THE RECORDS:
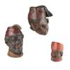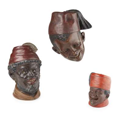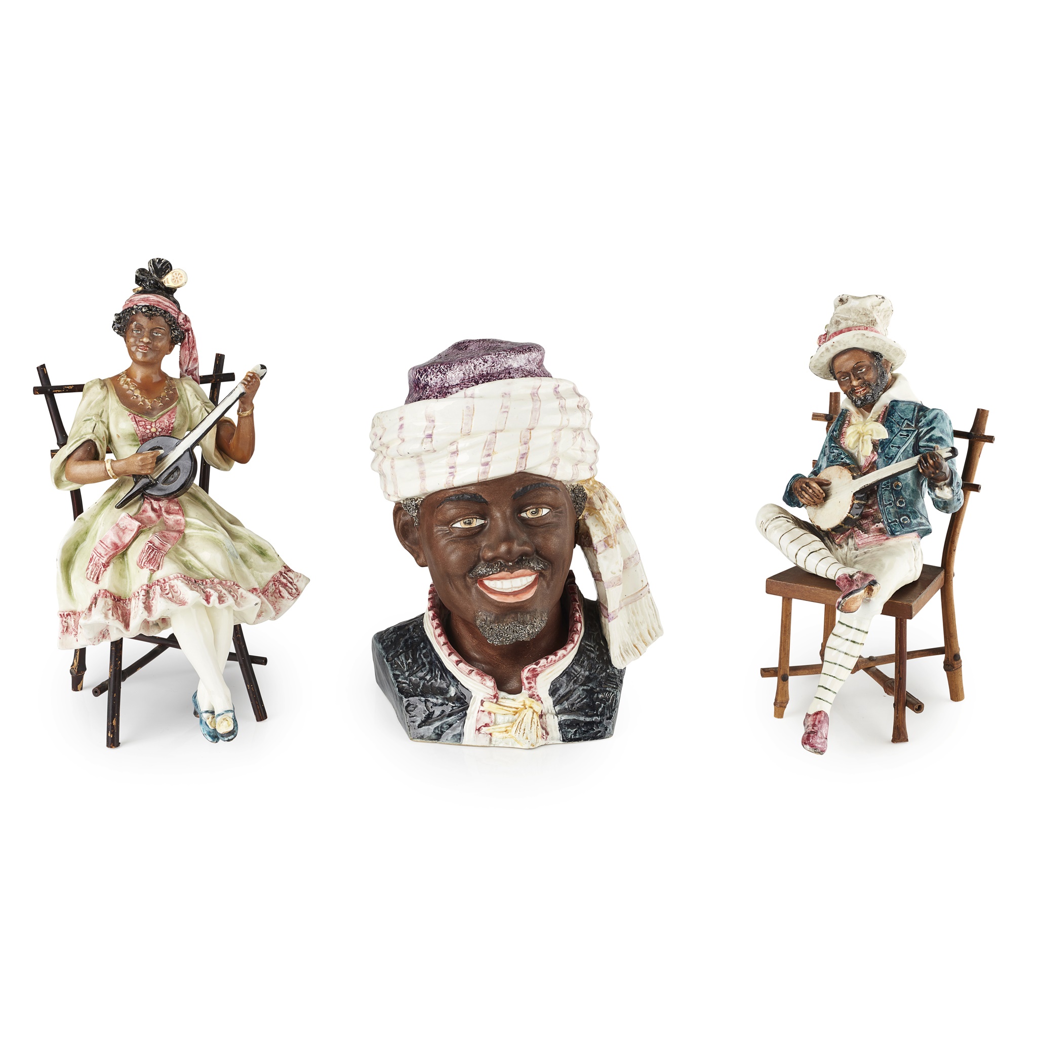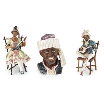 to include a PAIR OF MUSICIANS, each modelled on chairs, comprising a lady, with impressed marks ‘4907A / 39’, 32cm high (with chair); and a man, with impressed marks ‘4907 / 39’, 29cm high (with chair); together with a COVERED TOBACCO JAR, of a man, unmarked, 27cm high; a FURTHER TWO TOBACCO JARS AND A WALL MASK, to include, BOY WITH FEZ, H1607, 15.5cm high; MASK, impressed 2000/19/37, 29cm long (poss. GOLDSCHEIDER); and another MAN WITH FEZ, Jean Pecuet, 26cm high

---

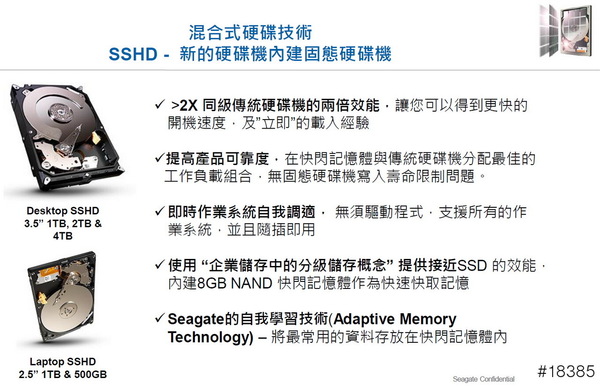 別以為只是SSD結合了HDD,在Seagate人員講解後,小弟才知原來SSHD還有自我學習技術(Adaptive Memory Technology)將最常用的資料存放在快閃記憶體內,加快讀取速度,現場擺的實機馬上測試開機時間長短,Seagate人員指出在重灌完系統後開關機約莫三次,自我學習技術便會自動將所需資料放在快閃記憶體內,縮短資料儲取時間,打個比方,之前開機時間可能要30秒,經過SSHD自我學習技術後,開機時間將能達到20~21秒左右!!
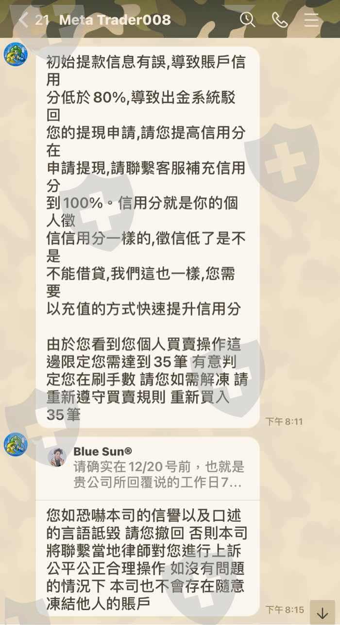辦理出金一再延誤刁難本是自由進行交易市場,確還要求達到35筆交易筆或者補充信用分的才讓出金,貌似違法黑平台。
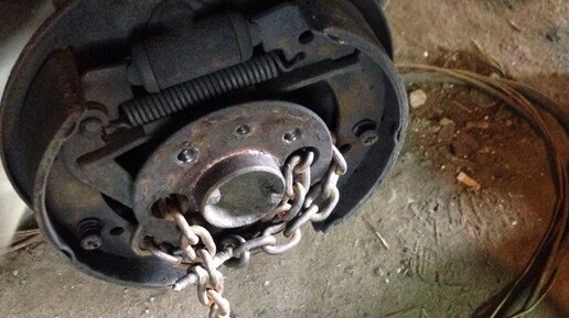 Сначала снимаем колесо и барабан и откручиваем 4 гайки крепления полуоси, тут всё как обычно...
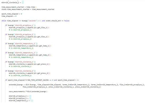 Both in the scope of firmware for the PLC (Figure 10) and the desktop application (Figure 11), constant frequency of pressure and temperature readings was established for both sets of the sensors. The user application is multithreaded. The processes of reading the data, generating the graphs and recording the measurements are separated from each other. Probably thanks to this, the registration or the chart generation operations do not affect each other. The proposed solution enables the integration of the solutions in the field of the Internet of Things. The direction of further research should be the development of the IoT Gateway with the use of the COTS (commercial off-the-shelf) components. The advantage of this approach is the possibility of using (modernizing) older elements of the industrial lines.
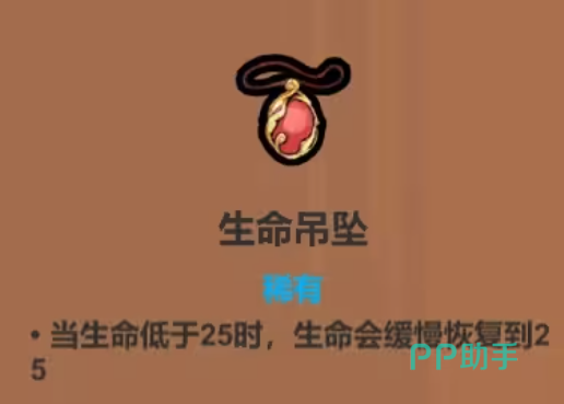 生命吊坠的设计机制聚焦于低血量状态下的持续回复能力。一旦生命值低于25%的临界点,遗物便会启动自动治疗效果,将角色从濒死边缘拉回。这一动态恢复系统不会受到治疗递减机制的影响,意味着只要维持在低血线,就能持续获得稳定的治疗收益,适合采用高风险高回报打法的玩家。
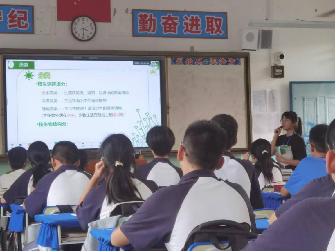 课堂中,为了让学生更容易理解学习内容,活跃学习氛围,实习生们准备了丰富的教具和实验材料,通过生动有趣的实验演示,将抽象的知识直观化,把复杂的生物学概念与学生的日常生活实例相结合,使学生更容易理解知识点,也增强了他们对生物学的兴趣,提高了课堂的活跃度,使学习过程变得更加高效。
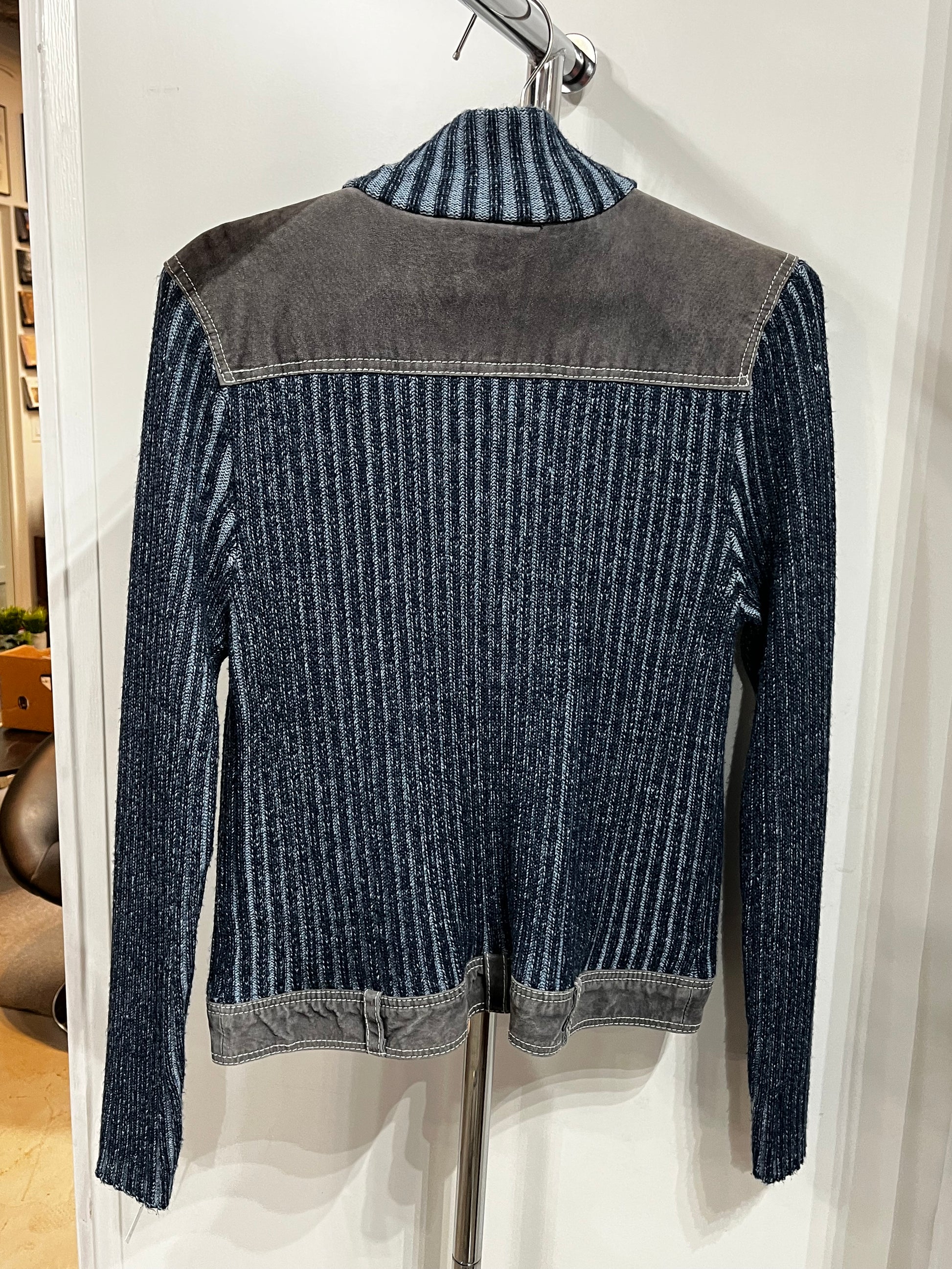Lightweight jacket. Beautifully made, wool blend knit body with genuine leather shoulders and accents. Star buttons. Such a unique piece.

WHAT YOU ARE ASKED TO DO: Lines from the one above containing "生命吊坠的设计机制聚焦于低血" down to the one containing "课堂中,为了让学生更容易理解" should be transcribed exactly, with both ends kept and no pictures.

YOUR RESPONSE:
 生命吊坠的设计机制聚焦于低血量状态下的持续回复能力。一旦生命值低于25%的临界点,遗物便会启动自动治疗效果,将角色从濒死边缘拉回。这一动态恢复系统不会受到治疗递减机制的影响,意味着只要维持在低血线,就能持续获得稳定的治疗收益,适合采用高风险高回报打法的玩家。
 课堂中,为了让学生更容易理解学习内容,活跃学习氛围,实习生们准备了丰富的教具和实验材料,通过生动有趣的实验演示,将抽象的知识直观化,把复杂的生物学概念与学生的日常生活实例相结合,使学生更容易理解知识点,也增强了他们对生物学的兴趣,提高了课堂的活跃度,使学习过程变得更加高效。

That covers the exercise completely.